• Available data:
━━━━━━━━━━━━━━━━

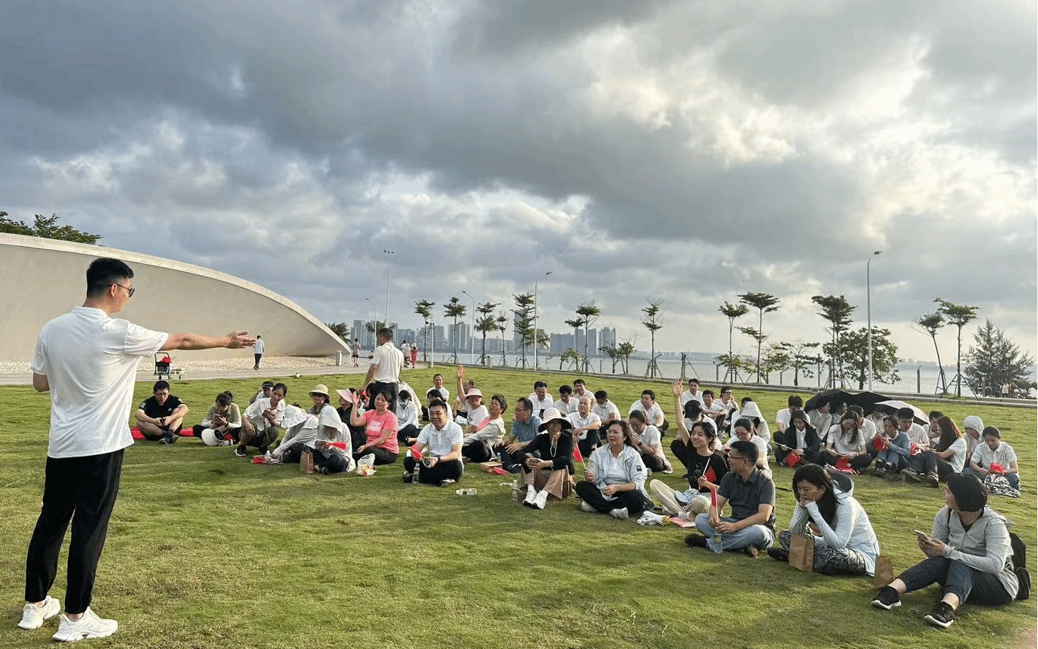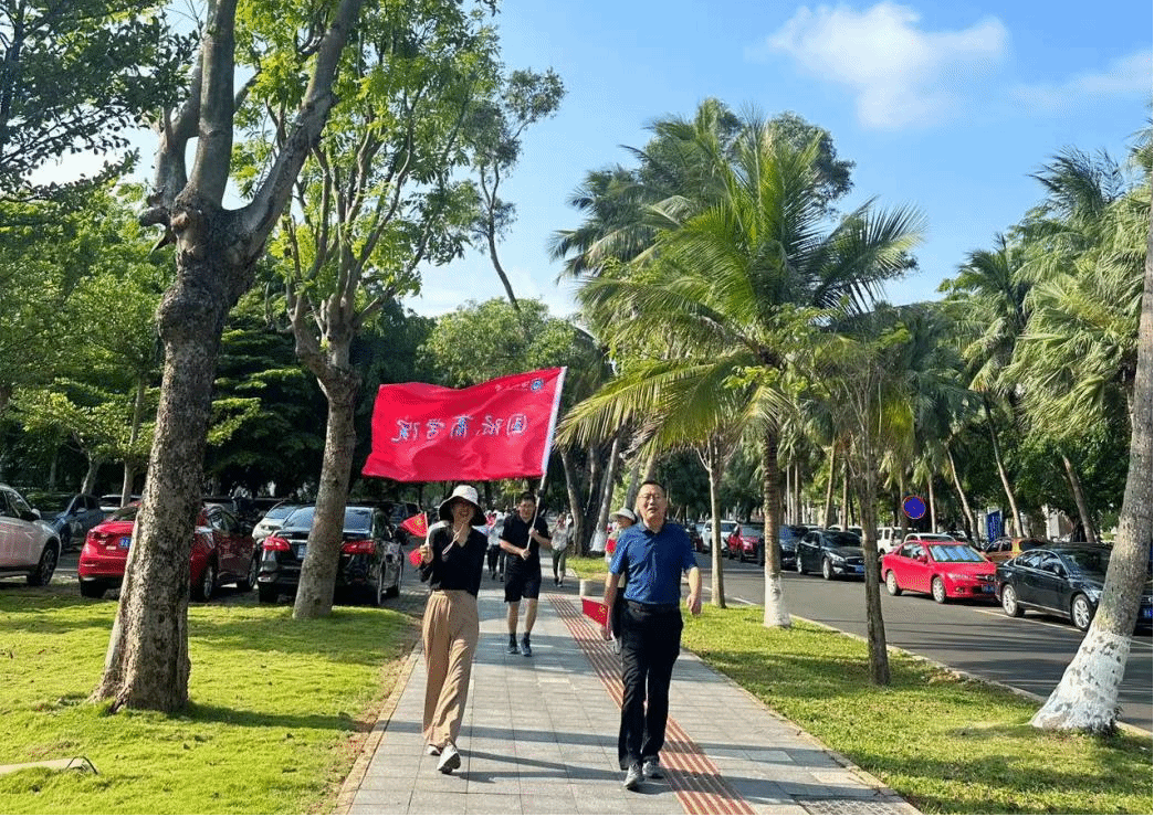 活动伊始,院党委书记南国芳、院长唐宁玉带领部分党员和教师从社科楼出发,步行至今日看料 新南门与中国农业银行海口龙华支行团总支汇合,共同前往目的地天空之山。
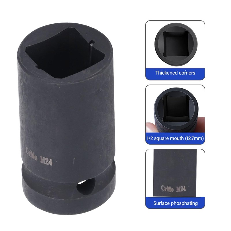 M24 Square Tap Socket, 1/2" Female Thread, Square Hole Drive Socket, Chrome Molybdenum Steel, Rounded Corner Design, Laser Etched, Connected
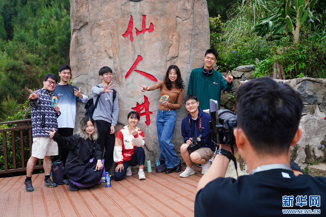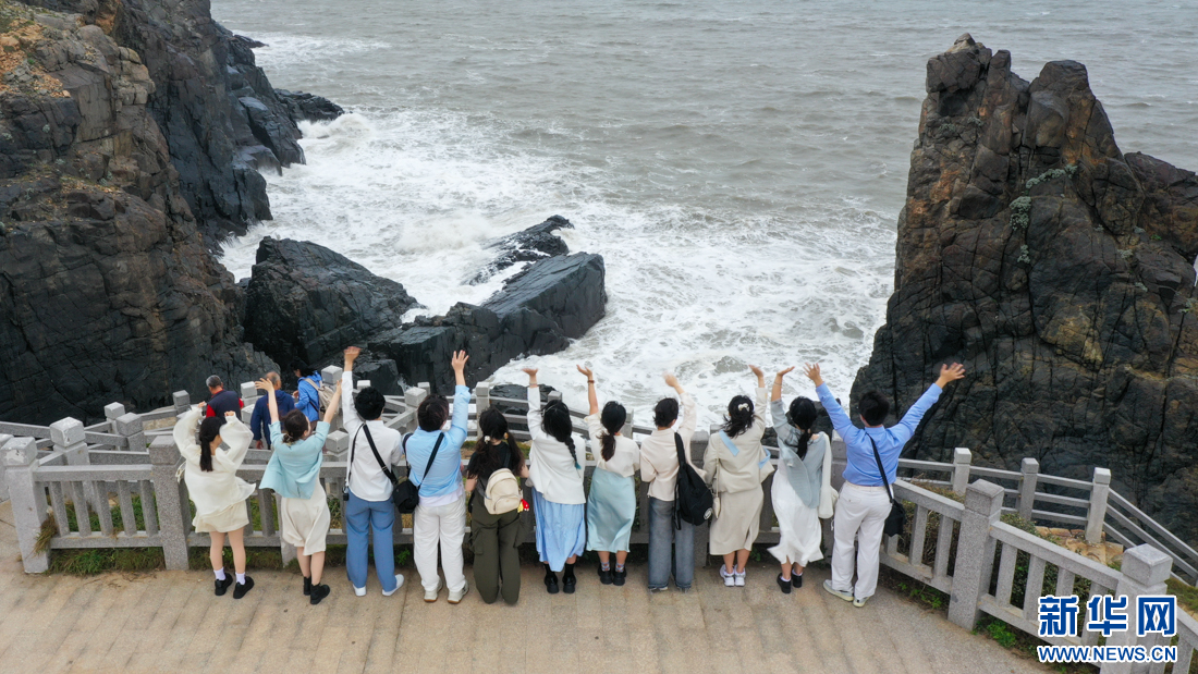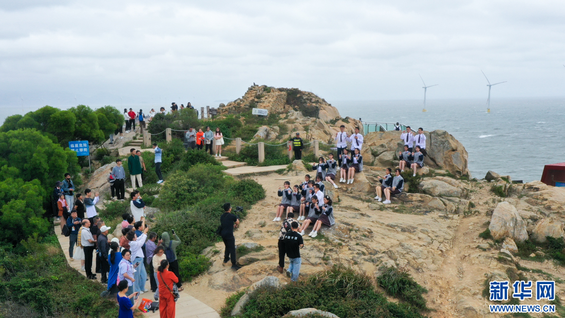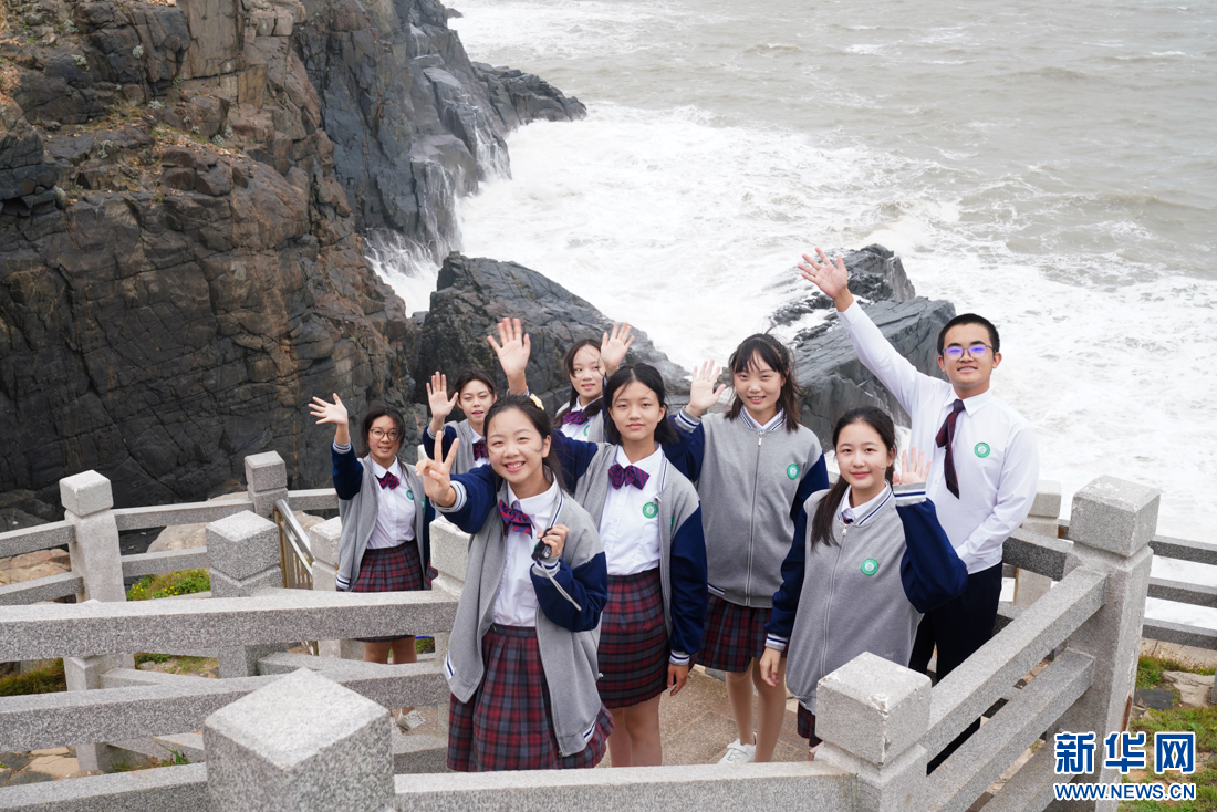 厦门六中博雅合唱团(阿卡贝拉团)学生在平潭仙人井景区打卡,感受海岛风情。新华网 肖和勇 摄
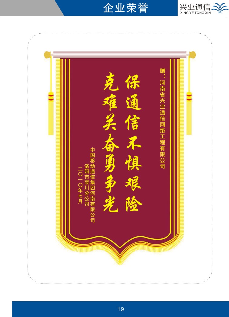 中国移动通信集团河南有线公司洛阳市栾川分公司颁发锦旗

━━━━━━━━━━━━━━━━

• What needs to be done:
Give back only the lines from the one that carries "厦门六中博雅合唱团(阿卡贝拉团)学生在平潭仙人井景区打卡,感受海岛风情。新华网 肖和勇 摄" through the final line above, both included. Drop all pictures.

• Answer to this task:
 厦门六中博雅合唱团(阿卡贝拉团)学生在平潭仙人井景区打卡,感受海岛风情。新华网 肖和勇 摄
 中国移动通信集团河南有线公司洛阳市栾川分公司颁发锦旗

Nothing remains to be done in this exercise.